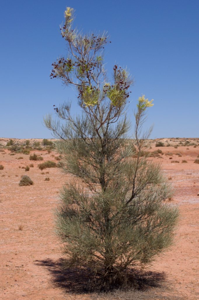 Grevillea nematophylla ssp. nematophylla, known as Water Bush, is a rare sight in the Flinders Ranges. This solitary tree between Copley and Lyndhurst was flowering in November.
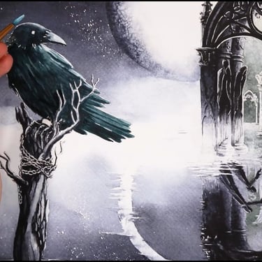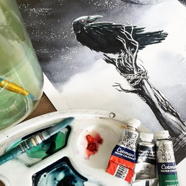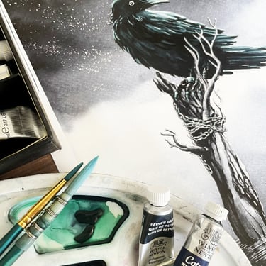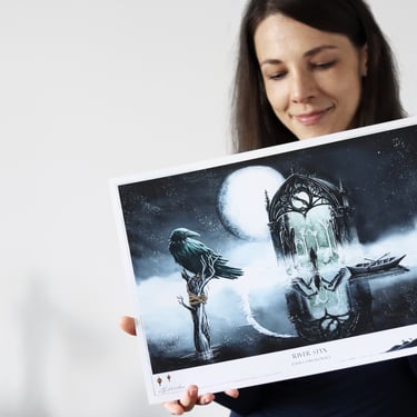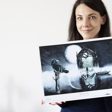 With Elwira, the crow on each piece is digitally removed before sending for ultra high quality printing. She then graciously committed several hours on each piece to completely hand paint the crow with her favourite medium, watercolor, and make this available for fans and art enthusiasts. The result is stunning!
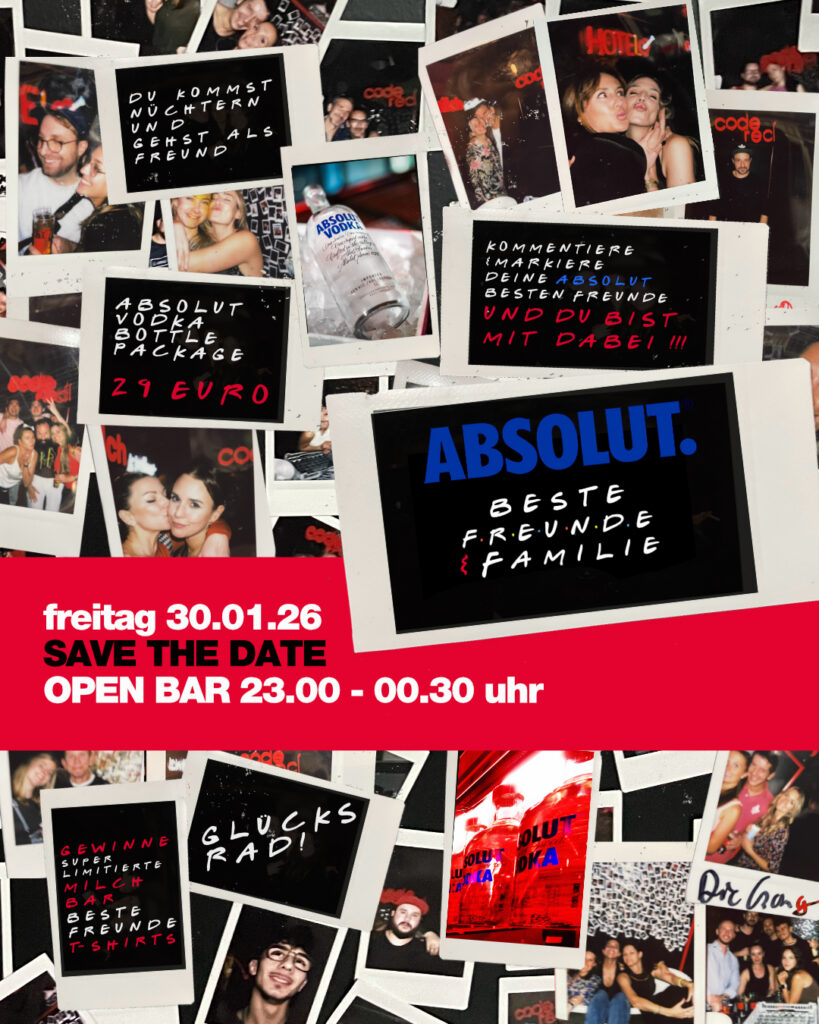 Wir feiern das Ende vom Dry January mit unseren ABSOLUT besten Freunden und Familie. Freut euch auf viele Specials und eine OPEN BAR von 23.00 bis 00.30 Uhr.
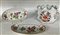 Manifattura Richard Ginori. Rinfrescatoio biansato a bordo mosso in porcellana profilata in oro e decorata in policromia ''al tulipano" (h. cm 16,5; d. cm 21) unito ad una coppia di vassoi di forma ovale in porcellana profilata in oro a bordo traforato, decorati in policromia a fiori di diversa manifattura (cm 26,5x15,5) (difetti e restauri)
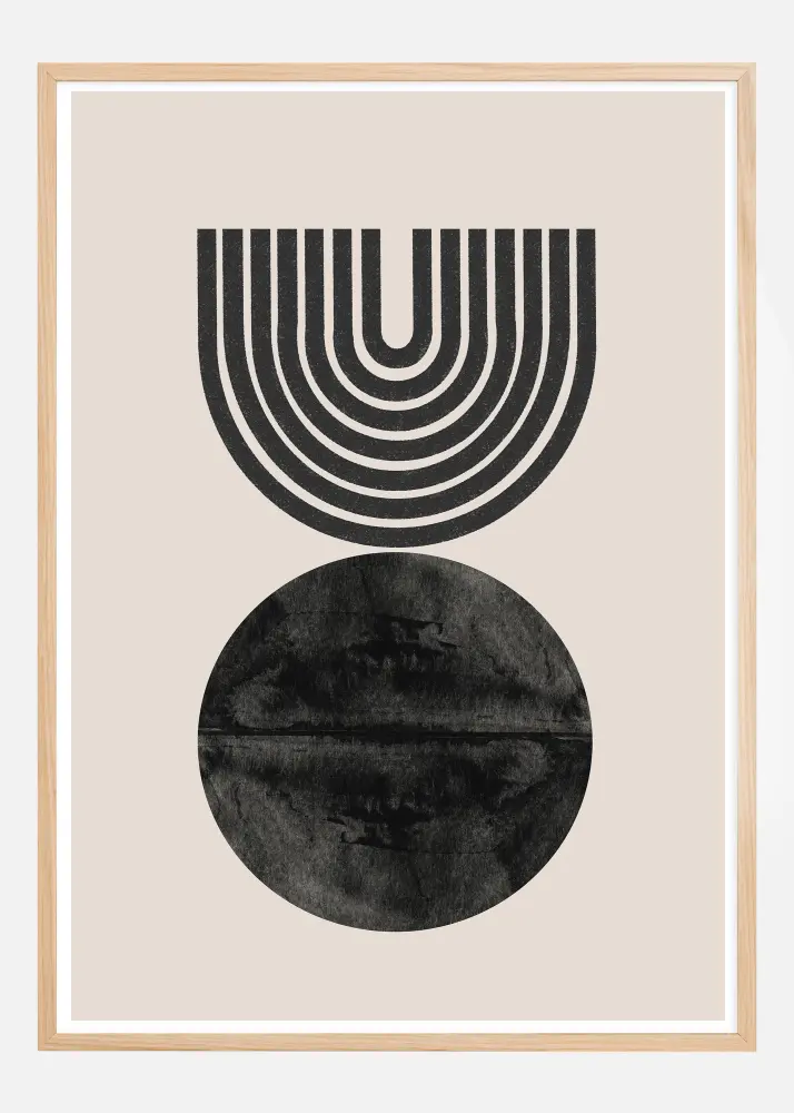 Ez a művészi poszter merész kontrasztjával és lenyűgöző kompozíciójával vonzza a szemet, amely geometriai és organikus formákból áll. Felül egy sor fekete vonal tűnik fel, amelyek félkör alakot alkotnak, erős vizuális struktúrát adva a nyugodt, semleges háttérhez. Alul egy texturált fekete kör látható, amely a vízbe való tükröződést idézi, mély és titokzatos minőséget adva a designnak. A kiválasztott fekete és törtfehér színek időtlen palettát hoznak létre, amely számos különböző ízlést és belsőépítészeti stílust vonz.

----

Problem: Start with the first line of the records above and end with the line containing "Manifattura Richard Ginori.". Output those lines exactly, pictures excluded.

Reply:
 Grevillea nematophylla ssp. nematophylla, known as Water Bush, is a rare sight in the Flinders Ranges. This solitary tree between Copley and Lyndhurst was flowering in November.
 With Elwira, the crow on each piece is digitally removed before sending for ultra high quality printing. She then graciously committed several hours on each piece to completely hand paint the crow with her favourite medium, watercolor, and make this available for fans and art enthusiasts. The result is stunning!
 Wir feiern das Ende vom Dry January mit unseren ABSOLUT besten Freunden und Familie. Freut euch auf viele Specials und eine OPEN BAR von 23.00 bis 00.30 Uhr.
 Manifattura Richard Ginori. Rinfrescatoio biansato a bordo mosso in porcellana profilata in oro e decorata in policromia ''al tulipano" (h. cm 16,5; d. cm 21) unito ad una coppia di vassoi di forma ovale in porcellana profilata in oro a bordo traforato, decorati in policromia a fiori di diversa manifattura (cm 26,5x15,5) (difetti e restauri)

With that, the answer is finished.